On the software side, I use Linux and have a script I wrote that exploits sox in a really hacky way to detect sparks in a time aligned way and average them together. This is mainly for noise reduction purposes and doesn't necessarily give a better result. Some single spark recordings are better than 100 averaged together. The spark generation is an enormous wildcard.
 
Ok so spark is the ultimate reference once one can get it to work. My idea has perhaps some merit then in the sense that it would be a more repeatable way of calibrating mics out there. Now, I might be OT here as this is about.. sparking 🙂 But still, I couldn't help thinking about an application for it to make good for more people...
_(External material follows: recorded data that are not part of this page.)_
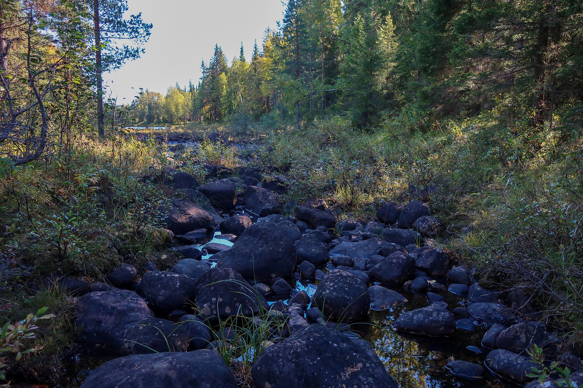 Och så har vi då knotten. Det är bara att konstatera att de förstörde vår vistelse. Visserligen var det inte den värsta sorten och vi lyckades lura barnen med den lilla vita lögnen ”det här är nog knott som inte bits de är bara irriterande” och så fick vi klia våra egna bett i smyg när barnen inte såg. Att inte kunna stanna upp och pusta ut eller återhämta sig gjorde att vi ständigt var i rörelse och det var tungt både för oss vuxna och för barnen. Vi hade räknat med att klara oss undan såväl mygg som knott när vi åkte så här sent och myggnäten som man kan trä över kepsarna hade vi lämnat hemma. Hade vi haft knottfritt hade dagarna skulle vårt äventyr blivit helt annorlunda och vi hade kanske hållit oss till vår planerade rutt.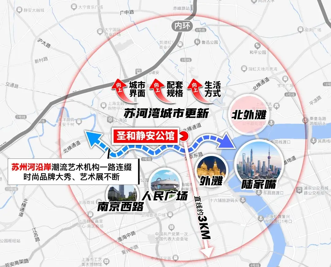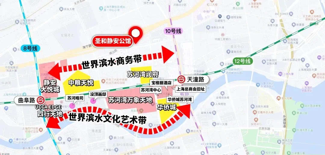 圣和静安公馆傲踞静安苏河湾正核心,坐拥“一河两岸”规划红利,3公里内覆盖大悦城、万象天地等顶级商业综合体,步行约10分钟直达人民广场、南京路、外滩等城市地标,尽享都市繁华。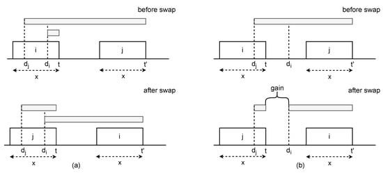 Suppose that two jobs, i and j, with the same duration, are scheduled such that job i comes first and job j follows. Additionally, suppose that job j has an earlier due time than job i, i.e., . Let t and be the finish times of jobs i and j, respectively, and since both jobs have the same duration, holds. When both jobs have non-negative tardiness values, i.e., and , swapping the jobs results again in non-negative tardiness values for both jobs. This holds because the tardiness of job j after the swap will be . Moreover, , so the tardiness of job i after the swap will be . So, the total tardiness before the swap is , which is equal to the total tardiness after the swap, which is . This situation is depicted in Figure 4a. The top figure shows a possible configuration of two equal-duration jobs that both incur tardiness. It can be easily seen that the total length of the gray bars that represent the tardiness remains the same after swapping jobs i and j.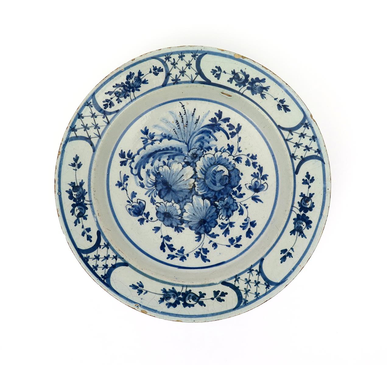 A large London delftware charger c.1770-80, painted in blue with an arrangement of roses and other flowers, the rim with five panels of further flowers reserved on a hatched diaper ground, some glaze chipping, 35.5cm.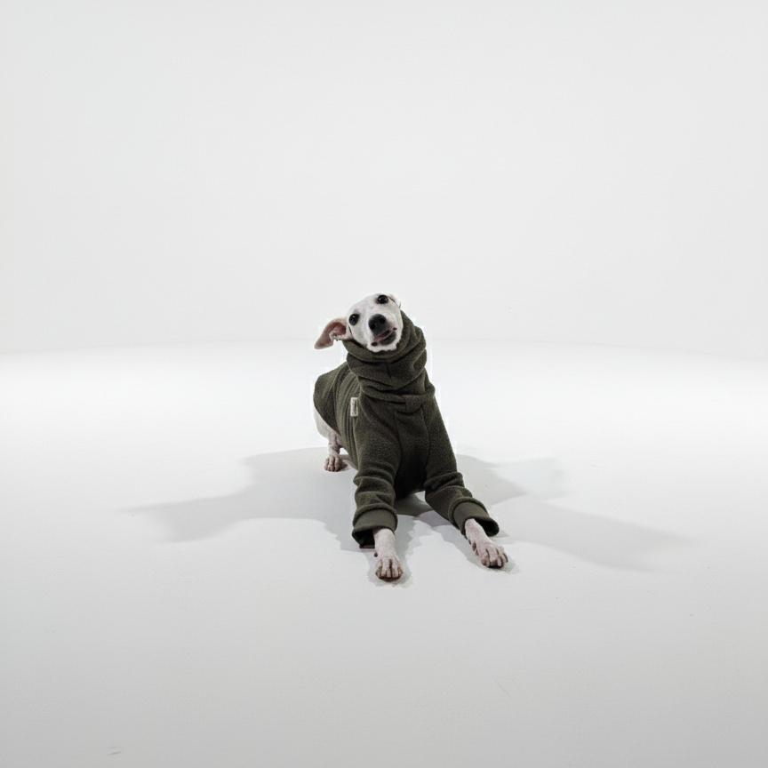 Lenyűgöző, mégis időtálló, letisztult és minimalista dizájn, amelyet raglán ujjak és hosszú garbó jellemez, kifejezetten olasz agarak és whippetek számára. A szabás gyönyörűen kiemeli az agarak veleszületett eleganciáját, míg a hasi részen található gumírozás jobb illeszkedést és maximális kényelmet biztosít, kiemelve a kutya karcsú sziluettjét.

If I may, shortly... when thinking about materials and/or products to use for building a true world sound source reference, it is in fact not so easy to come up with a contraption that I, someone in Tokyo, Brisbane as well as in Antannarivo could build and be sure that if "clapped", it would create *the same* "sound" (whatever that would mean).

With what/how would you build it? Wood is different, IKEA changes its products, bricks differ,....

Fascinating really..

//
 
I tried a few different angles for the EM258. Information is in the legend of the attached chart.

The gradual rise below 5KHz seems to behave like some viscous relaxation or diffusion. It seems to correlate more with spark gap length than with SPL or distance. It is very puzzling.

Multi-recording averages have to be time aligned carefully, as any uncertainty in the timing manifests as multi-sample smoothing in the resulting impulse response and may artificially reduce the upper BW.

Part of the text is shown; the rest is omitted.